Terminator : Dark Fate — The Feminist vehicle without a fuss

Joel Joseph
Pastiche Alt-Easy
Published in
4 min readDec 10, 2019

The latest installment of Terminator is pure delight in terms of action set pieces and a gripping storyline. The original triumvirate of Cameron- Hamilton and Schwarzenegger returns to breathe life into Director Tim Miller’s (Deadpool) assiduously crafted exoskeleton of a script. The reviews in general have been been favourable across the spectrum including favourable ratings on Tomatometer. The adulation for this ‘revival’ of a beleaguered franchise have poured in from all quarters.

While the film did not translate into a box office blockbuster, it scored big on one barometer — feminist portrayal. The film doesn’t masquerade as a vanguard of feminist assertion, it doesn’t have the overt pretense of ‘Whale Rider’ or ‘Thelma and Louise’ which no doubt pushed the envelope and presented a female narrative with passion but posited itself as a mould-breaking statement.

The movie poster

While movies like ‘Erin Brockovich’ ‘Orlando’ and ‘The Diary of a Teenage Girl’ prodded the audience to introspect and question the social structure, ‘Dark Fate’ doesn’t carry the same air of self-importance.
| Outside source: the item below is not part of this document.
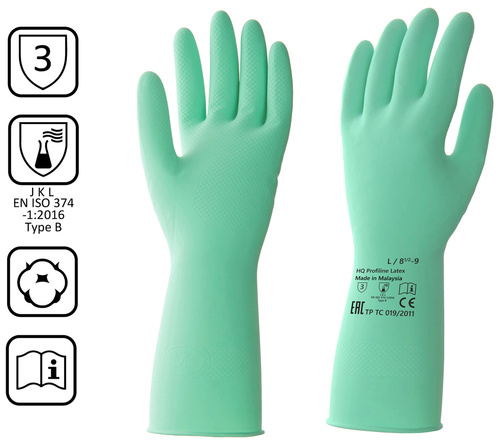 Перчатки латексные КЩС , HQ Profiline, сверхпрочные, плотные, хлопковое напыление

It is not as if Sarandon’s road trip drama did not do justice to feminist awakening. But, as post-modernist feminist writers have pointed out, there is more than one way to put the point across and here ‘Dark Fate’ falls in the league of ‘Alien (1979)’ and ‘Mad Max Fury Road’ released in 2015. Both these films fell under the genre of Sci-fi/action, a preserve of testosterone dripping male characters. These films gave voice to female characters without making an overt statement or speech.

This is where ‘Dark Fate’ triumphs, where this century has witnessed a spurt in female action heroes, they have generally been bogged down by the label of a ‘chick flick’ or promoted as a novelty by underlining their female protagonists. Movies like Wonder Woman, Atomic Blonde, Salt, Colombiana and the Resident Evil Franchise fall under this umbrella.

Then, there has been a slew of films where while strong female characters have been written into the script, they end up playing second fiddle to the male character in the final scene. The most glaring example of this is the climax scenes where the female characters are shown in a physical duel with each other while the male characters (the primary male antagonist and protagonist) are engaged in a simultaneous duel.

The most recent example of such a film is MIB: International, Tessa Thompson had to virtually drop two obvious dialogues on the eponymous organisation’s name in an effort to assert female power. While, there is no patent right way to approach feminist narrative in a movie. Terminator: Dark Fate does so with a ‘matter-of-fact’ nonchalant way.

This movie has Mackenzie Davis’ augmented soldier from future tasked with the protection of Natalia Reyes’ character — Dani who holds the key to stopping the apocalypse in future. Dani is also pursued by a deadly robot from future, the Rev-9. All this is familiar territory in the terminator franchise, the fresh breather here is that Davis is introduced as the primary protector without any fuss and then half an hour into the movie Linda Hamilton’s Sarah O Conner is introduced in a fashion hitherto reserved for yesteryear macho action stars. Rajnikanth would envy the kind of entry sequence that Linda was afforded.

Arnold is introduced only halfway through the movie and even post his introduction, the primary task of protection lies with Davis and the gritty dialogues are delivered by Hamilton. There is only once that this movie ventures into the territory of explicit preachy, and even that singular moment is handled with typical nonchalance.

The epoch of an artistic work lies in its ability to broadcast an alternative reality without the audience actively realizing the underlined message. This act of producing a powerful statement couched behind the veneer of a ‘normal’ state of affairs is what makes this one of the best feminist movies of this century. It’s simple, your mind did not perceive it as a movie featuring female heroes, it registered the movie as a high velocity action feature. This is where the success of a Trojan horse lies, it delivers the message without a fuss.